Variable Selection with Elastic Net

LASSO has been a popular algorithm for the variable selection and extremely effective with high-dimension data. However, it often tends to “over-regularize” a model that might be overly compact and therefore under-predictive.

The Elastic Net addresses the aforementioned “over-regularization” by balancing between LASSO and ridge penalties. In particular, a hyper-parameter, namely Alpha, would be used to regularize the model such that the model would become a LASSO in case of Alpha = 1 and a ridge in case of Alpha = 0. In practice, Alpha can be tuned easily by the cross-validation. Below is a demonstration of Elastic Net with R glmnet package and its comparison with LASSO and ridge models.
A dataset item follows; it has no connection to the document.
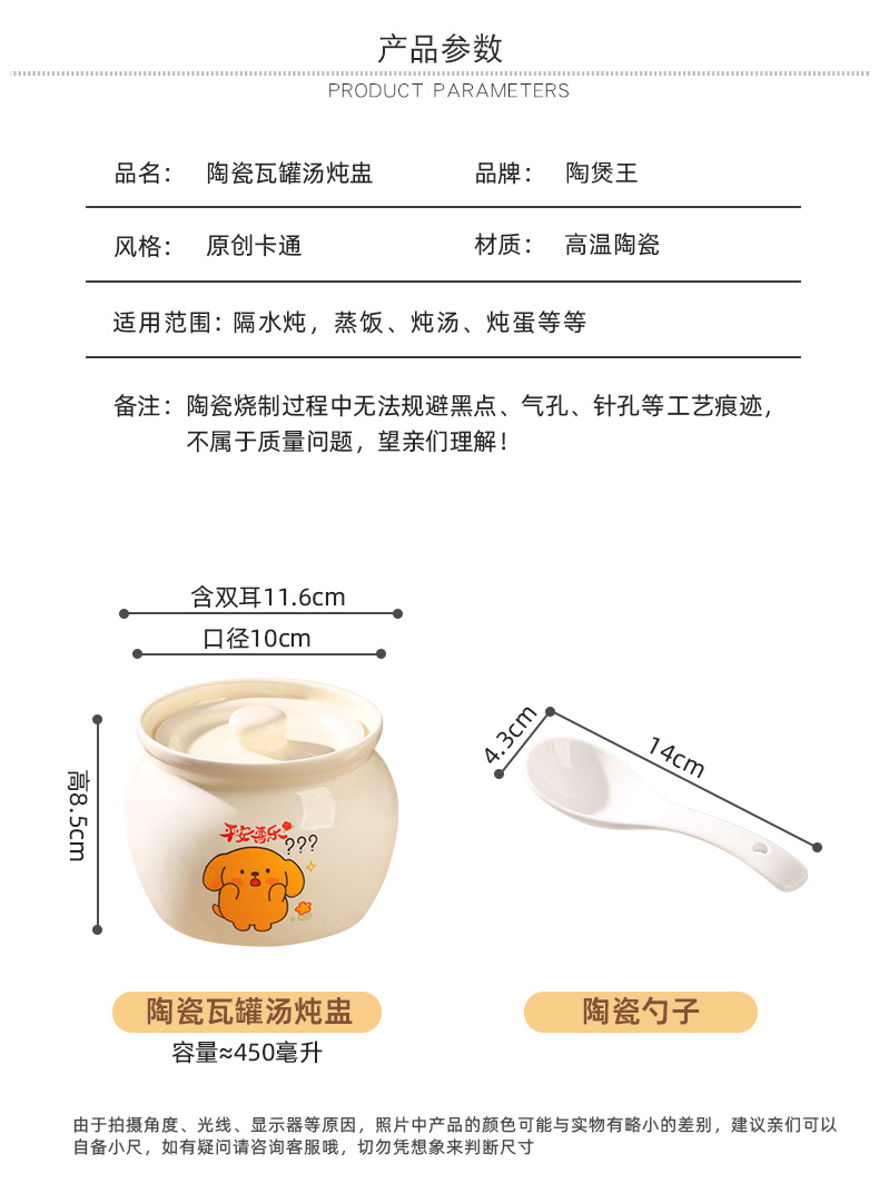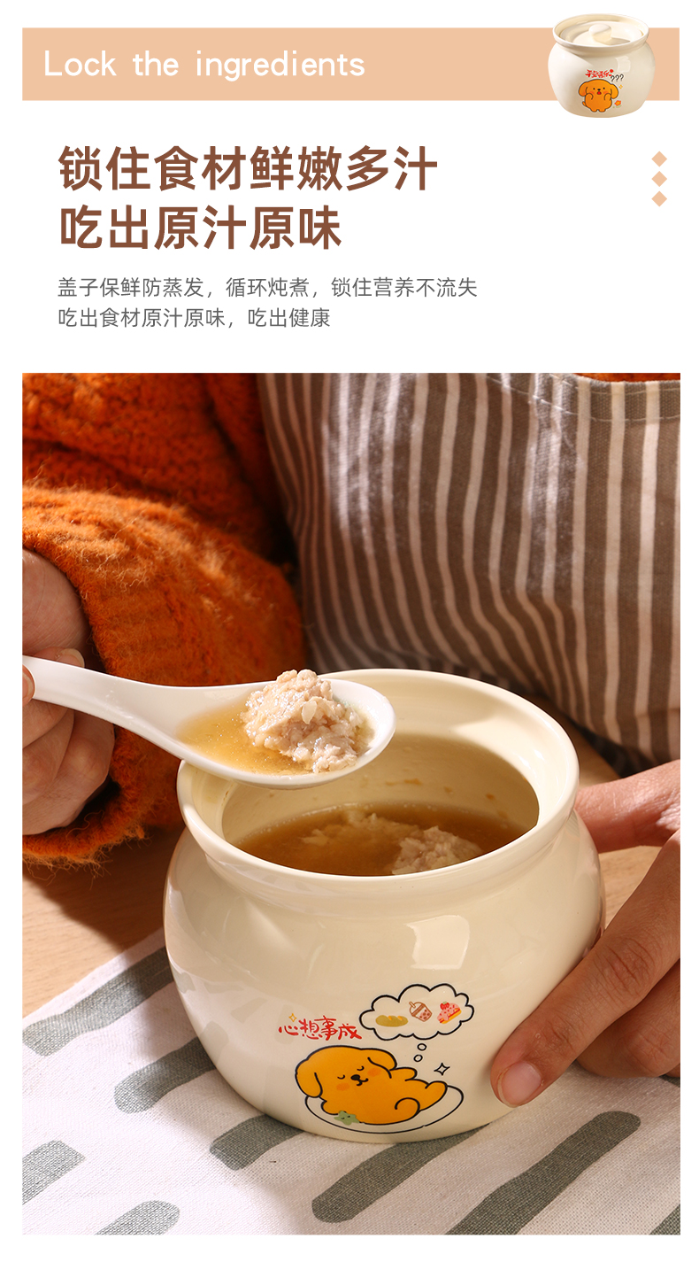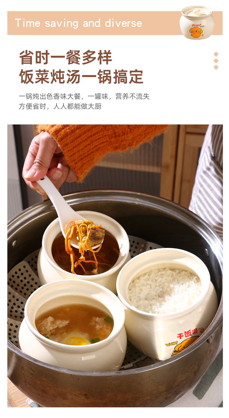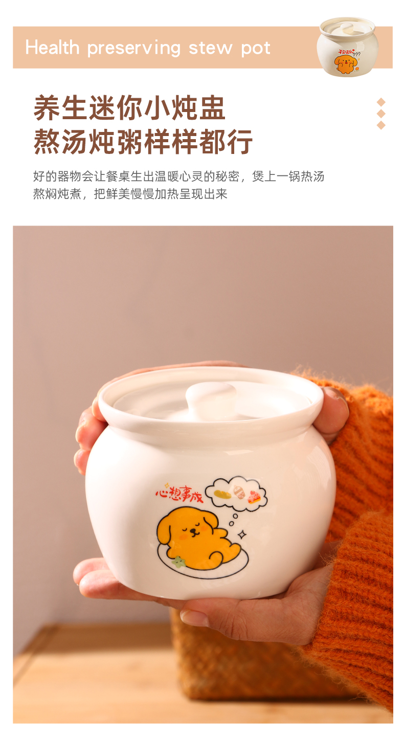 【奶黄汪酱炖罐】陶瓷瓦罐炖盅家用隔水炖煨汤带盖汤盅蒸蛋辣椒罐轻食

pkgs <- list("glmnet", "doParallel", "foreach", "pROC")
lapply(pkgs, require, character.only = T)
registerDoParallel(cores = 4)
 
df1 <- read.csv("Downloads/credit_count.txt")
df2 <- df1[df1$CARDHLDR == 1, ]
set.seed(2017)
n <- nrow(df2)
sample <- sample(seq(n), size = n * 0.5, replace = FALSE)
train <- df2[sample, -1]
test <- df2[-sample, -1]
mdlY <- as.factor(as.matrix(train["DEFAULT"]))
mdlX <- as.matrix(train[setdiff(colnames(df1), c("CARDHLDR", "DEFAULT"))])
newY <- as.factor(as.matrix(test["DEFAULT"]))
newX <- as.matrix(test[setdiff(colnames(df1), c("CARDHLDR", "DEFAULT"))])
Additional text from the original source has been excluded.